Input: N = 8, restrictions[] = {{1, 2, 3}, {3, 4, 5}, {5, 6, 7}, {6, 7, 4}}
Output: 
3 4
3 5
3 1
1 2
2 8
8 6
8 7
Explanation: The tree formed following the given restrictions is:

               3
           /   |  \
        4    5   1
                    |
                    2
                    |
                    8
                  /  \
                6    7

Input:  N = 8, restrictions[] = {{3, 2, 4}, {3, 5, 4}, {5, 8, 7}, {6, 1, 8}}
Output:
3 1
3 2
3 4
3 5
3 6
3 7
3 8

 

Approach: The basic catch in this problem is that for a tree each node can only have one parent. So, there’s always a node on which no restriction applies and it can lie between any two nodes. So, connect that node to all nodes to get the answer.

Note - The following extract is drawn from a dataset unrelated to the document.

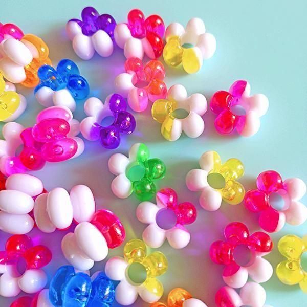 クリアカラー×ホワイトの2色が組み合わされたカラフルな「クリアカラー×ホワイト 2トーンポニービーズ」が大きいお花型になったようなビーズ。 サイズ:直径約17mm×高さ11mm 穴のサイズ:約6mm ランダムカラー7個入り 最近チェックした商品

Now to solve this problem follow the below steps:

  1. Create a boolean vector visited which will mark all node 1 with restrictions, and initialize it with 0.
  2. Iterate a loop for all restrictions and mark all nodes with 1 in the visited array that has restrictions.
  3. Store the value of node which have a 0 value in visited array as root.
  4. Connect all nodes with root.
  5. Print the answer according to the above observation.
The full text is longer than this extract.